Годы спустя, когда прокатилась по стране перестройка, появился в деревне пришлый человек с большими деньгами и скупил всю конеферму, обещая людям и работу, и златые горы. Внешне – так, замухрышка, хоть и с Кавказа, но не джигит. Зато языком работал под Чубайса, обещавшего всю страну обеспечить личными «Волгами». И где те «Волги», и где та страна?! Но это – вопрос риторический. А вот куда делись кони с элитной фермы – до сих пор никто не знает. Да и кто докапываться будет?! Ведь милиция с лопатами не дружит… А деревенским не под криминал, а под картошку копать надо…
В общем, осталось в конюшне три хилых жеребца да одна кобыла на сносях. Невесть кого родить должна: то ли богатыря, то ли клячу. Впрочем, Егору это было уже не важно. Его самого загнали – то ли новые «фермеры», то ли прежнее колхозные хозяева, которые каким-то боком остались во главе разрушенной деревни. А в итоге – ни коней, ни денег.
И Егор опять сорвался. Почти каждый вечер либо Катерина, либо ребятишки притаскивали его домой в совершенно непотребном виде – грязного, часто – мокрого, от мочевого неудержу. Укладывали на топчан в сенях и оставляли до утра. Это – когда тепло на дворе. А зимой бросали на кухне прямо у дверей какие-то тряпки и укладывали на них Егора кулем.

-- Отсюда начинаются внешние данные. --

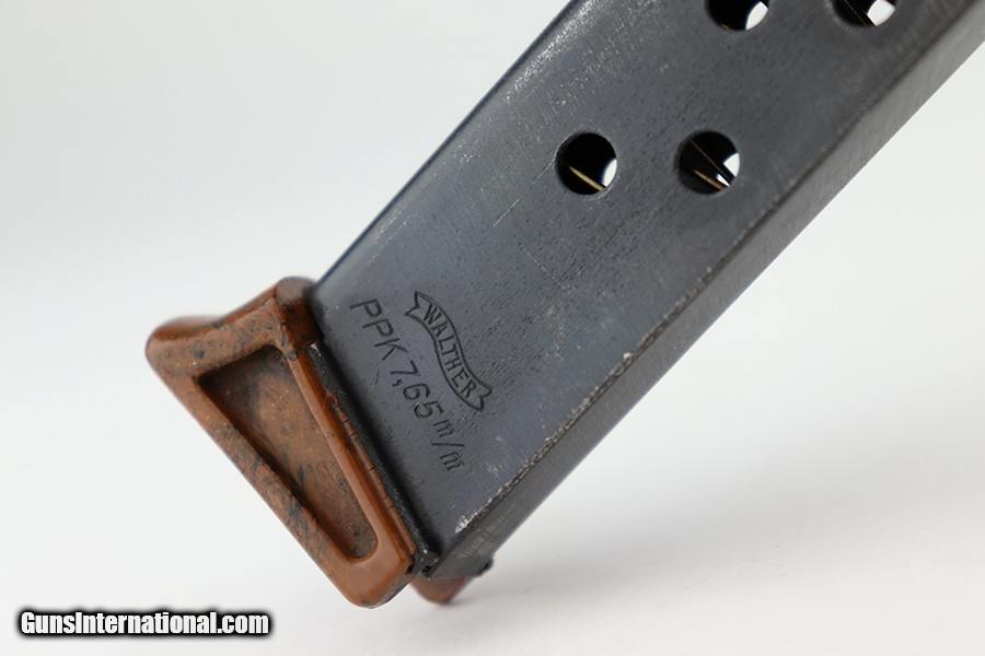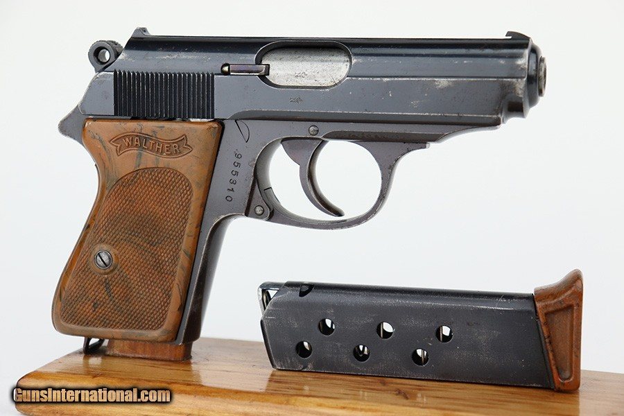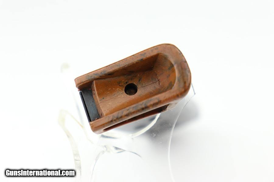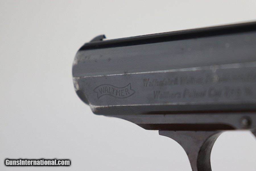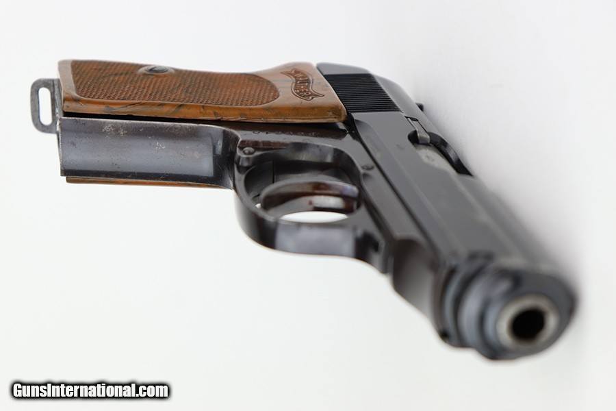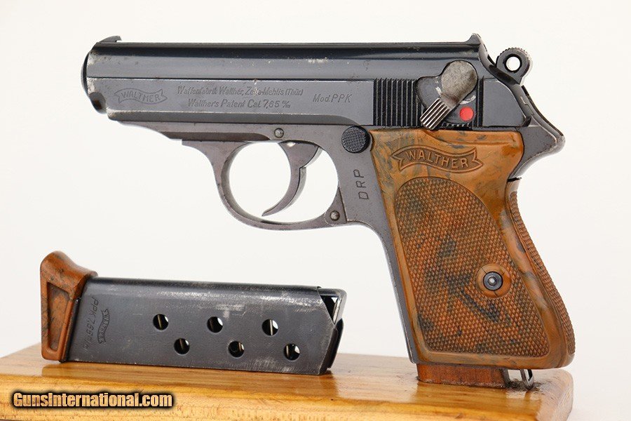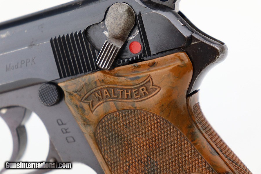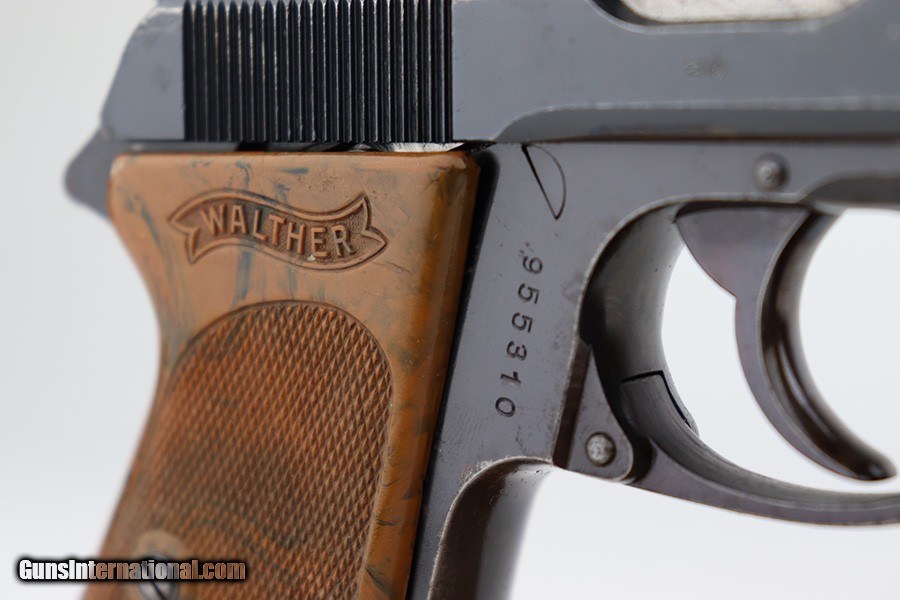 Description: This is a very rare Walther PPK with DRP-marked frame. Made in late 1936 or early 1937, these were issued to the Deutsche Reichspost, which was for the German postal inspectors. one of only ~1,000 ever made, this is a 2nd variation example with no periods in the DRP marking. The bluing is original with muzzle wear on each side of the slide, a little more on the rounded edges and front strap, and the fire blue is worn off the safety. Minty bore. The grip shows minor warping and a small corner crack in the corner of the spine. Comes with an excellent finger extension magazine. SOLD Curio/Relic: Yes Handgun Caliber: .32 ACP (7.65x17mm Browning SR) |

Чисто собачка, которую дальше порога не пускают. Бывало, просыпаясь середь ночи, он начинал скандалить.
– А-а, мля, справились… Е-п-р-с-т. Прибью всех!
– Вот оглоед, – тут же подавала голос Катерина, – никакого покоя. И как тебя земля носит, окаянный! Навязался на нашу голову, пень глухой.
Утром Егор с разбитой головой слонялся по двору, пытаясь что-то делать по хозяйству, хотя из рук все валилось. Он не слышал ни надрывного поросячьего визга, ни гогота гусей, ни блеянья овец. Зато догадывался, что в его адрес говорит жена – он давно уже научился понимать людскую речь по губам. Потопчется по двору, задаст корма – и через огороды слиняет в поисках похмелья. Восстановится – тогда и за работу берется. Всерьез берется, навыки-то не растерял. Но – до вечера. А там опять – то яма, то канава.
Приезжаю летом – ничего не меняется. У Егора и Катерины одна и та же песня – про жизнь деревенскую, бестолковую. Я уже давно эту песню выучил и лишь подпеваю им после рюмки-другой, привезенной в качестве угощения цивильной водочки. Егор крякает одобрительно:
– О-о, мля, хорошо пошла. Дажить и не обжигает.
– Да ты закусывай, – говорю, – опять ведь свалишься.
– А-аа, – машет он рукой, – чаю давай.
Вот так закусит сигаретой да чаем запьет – и опять по хозяйству топчется. Но, бывало, и для отдыха время находил. Иной раз подъедет на старой кляче, что ему всучили при увольнении в качестве отступного на конеферме, и приглашает на рыбалку. Рыбак из него, правда, никудышный. Он здесь больше теорией владеет. Наслушается других, удачливых, а потом преподносит – как свое: где удить, чем, на какую наживку. Слушаю, киваю, но делаю все по-своему. А кому повезет – неведомо. Нашел омуток – будет рыба. А нет – пескана на быстринке всегда выудить можно. А с него – и уха навариста, и жаренка в муке – объедение.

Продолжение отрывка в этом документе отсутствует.